Print every record exactly, omitting all pictures.

## Provided data:
******************************

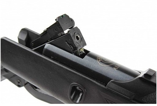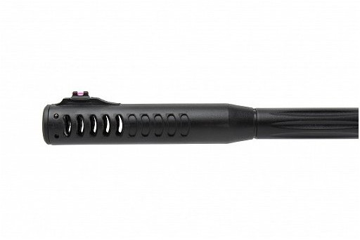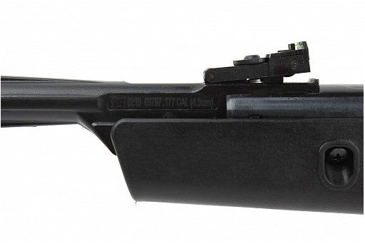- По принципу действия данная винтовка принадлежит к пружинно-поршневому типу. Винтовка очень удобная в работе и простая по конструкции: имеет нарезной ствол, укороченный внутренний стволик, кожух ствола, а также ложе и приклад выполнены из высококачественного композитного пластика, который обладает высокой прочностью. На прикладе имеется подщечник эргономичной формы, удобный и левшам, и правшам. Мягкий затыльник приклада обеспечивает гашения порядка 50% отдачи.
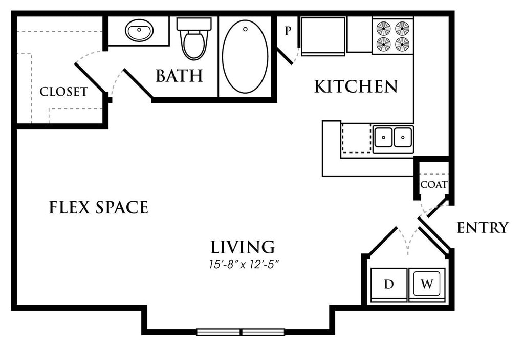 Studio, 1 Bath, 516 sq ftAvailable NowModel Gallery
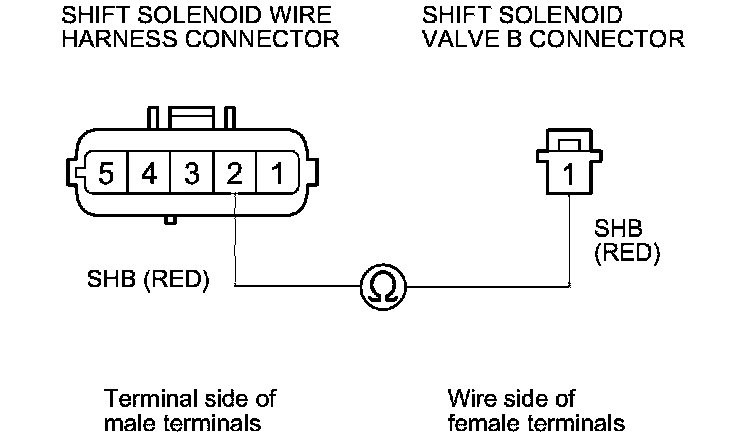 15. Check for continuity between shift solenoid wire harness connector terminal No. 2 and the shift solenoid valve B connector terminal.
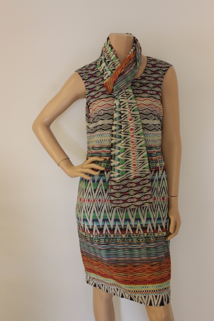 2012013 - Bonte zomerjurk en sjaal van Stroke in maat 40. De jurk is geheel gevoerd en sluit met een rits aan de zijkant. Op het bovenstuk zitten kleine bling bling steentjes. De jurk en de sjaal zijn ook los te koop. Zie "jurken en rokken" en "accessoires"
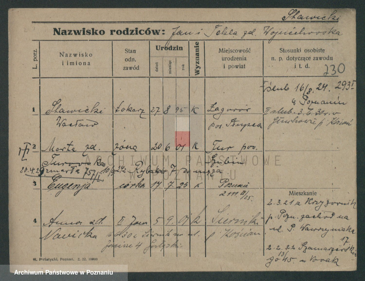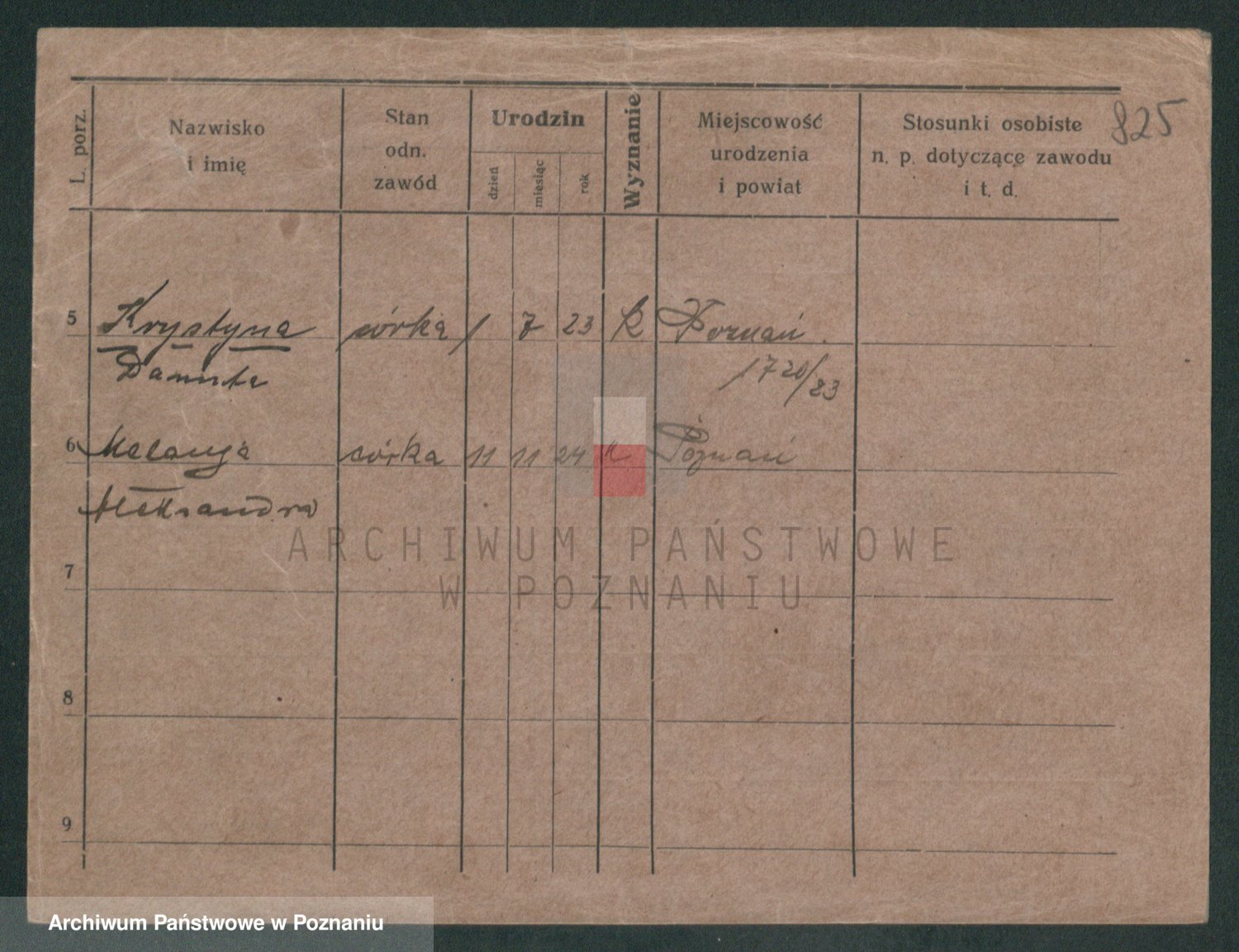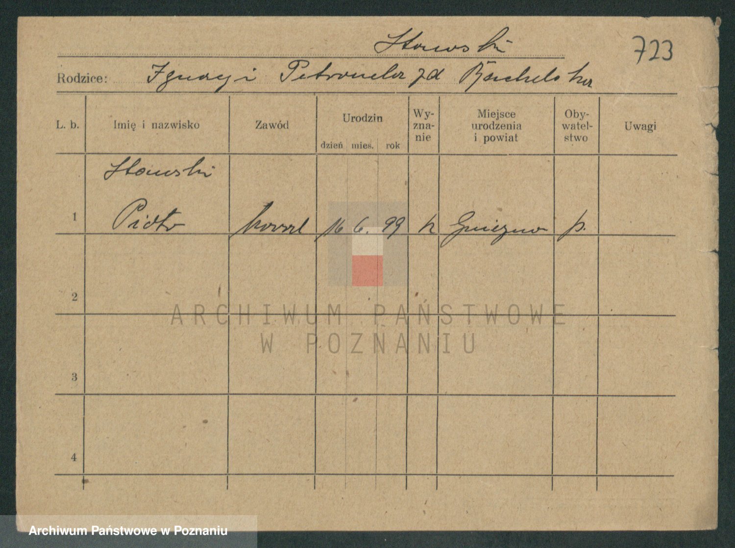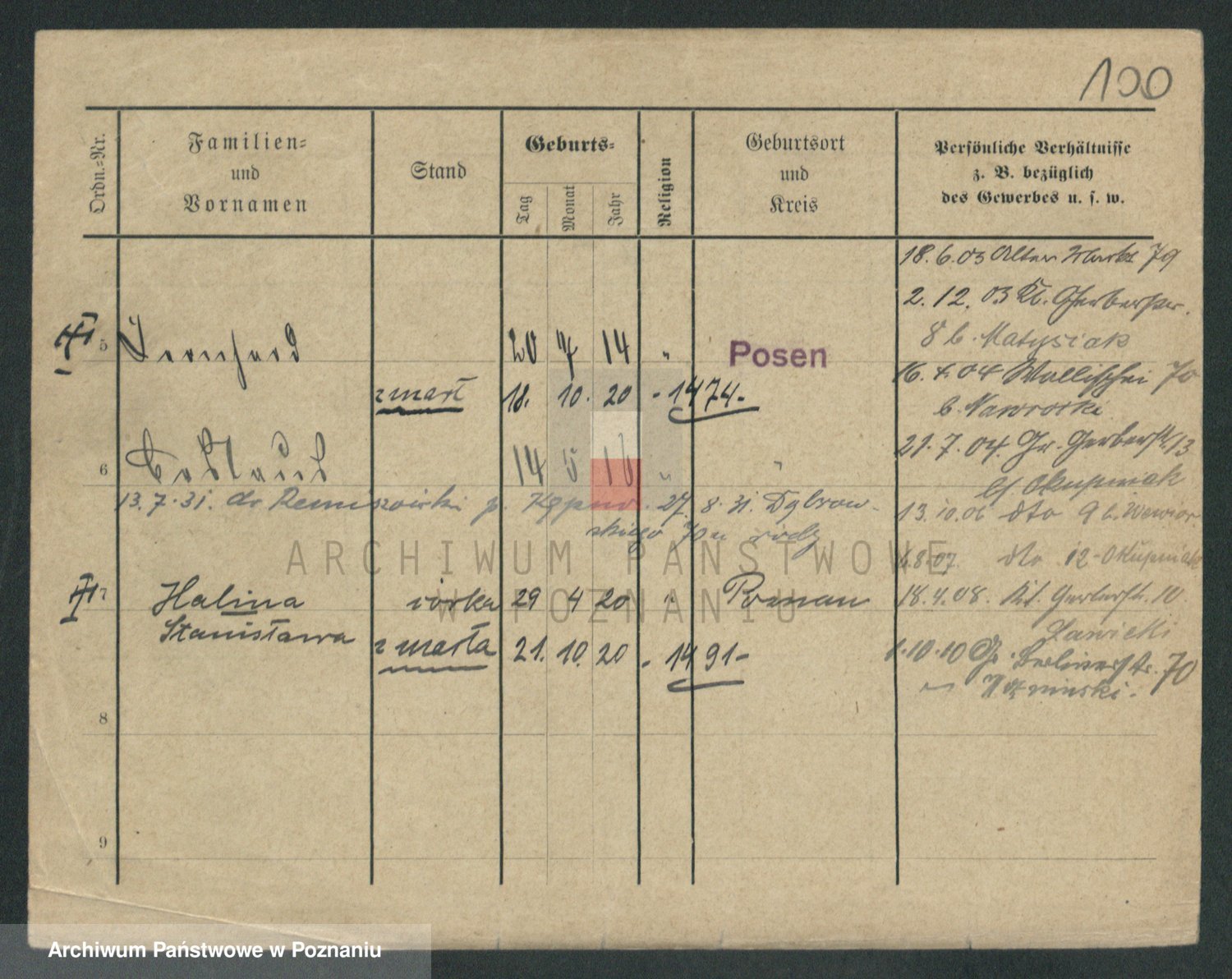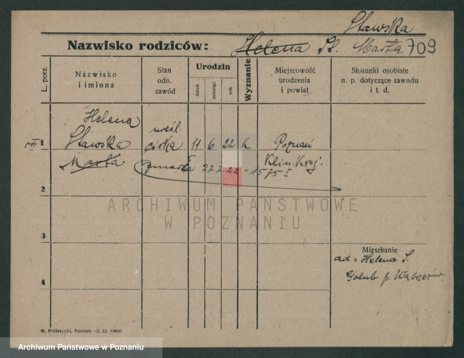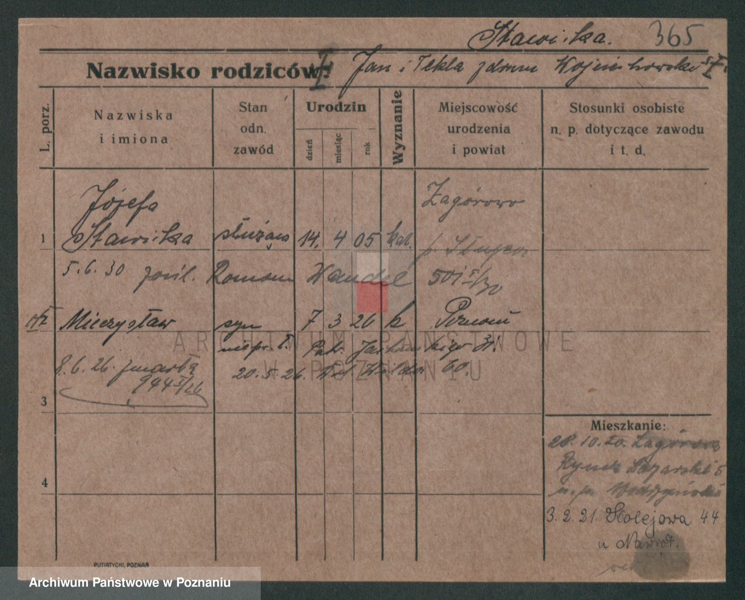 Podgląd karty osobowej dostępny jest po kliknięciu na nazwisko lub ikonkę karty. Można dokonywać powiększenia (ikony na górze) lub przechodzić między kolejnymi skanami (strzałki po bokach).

******************************

## Result for this exercise:
- По принципу действия данная винтовка принадлежит к пружинно-поршневому типу. Винтовка очень удобная в работе и простая по конструкции: имеет нарезной ствол, укороченный внутренний стволик, кожух ствола, а также ложе и приклад выполнены из высококачественного композитного пластика, который обладает высокой прочностью. На прикладе имеется подщечник эргономичной формы, удобный и левшам, и правшам. Мягкий затыльник приклада обеспечивает гашения порядка 50% отдачи.
 Studio, 1 Bath, 516 sq ftAvailable NowModel Gallery
 15. Check for continuity between shift solenoid wire harness connector terminal No. 2 and the shift solenoid valve B connector terminal.
 2012013 - Bonte zomerjurk en sjaal van Stroke in maat 40. De jurk is geheel gevoerd en sluit met een rits aan de zijkant. Op het bovenstuk zitten kleine bling bling steentjes. De jurk en de sjaal zijn ook los te koop. Zie "jurken en rokken" en "accessoires"
 Podgląd karty osobowej dostępny jest po kliknięciu na nazwisko lub ikonkę karty. Można dokonywać powiększenia (ikony na górze) lub przechodzić między kolejnymi skanami (strzałki po bokach).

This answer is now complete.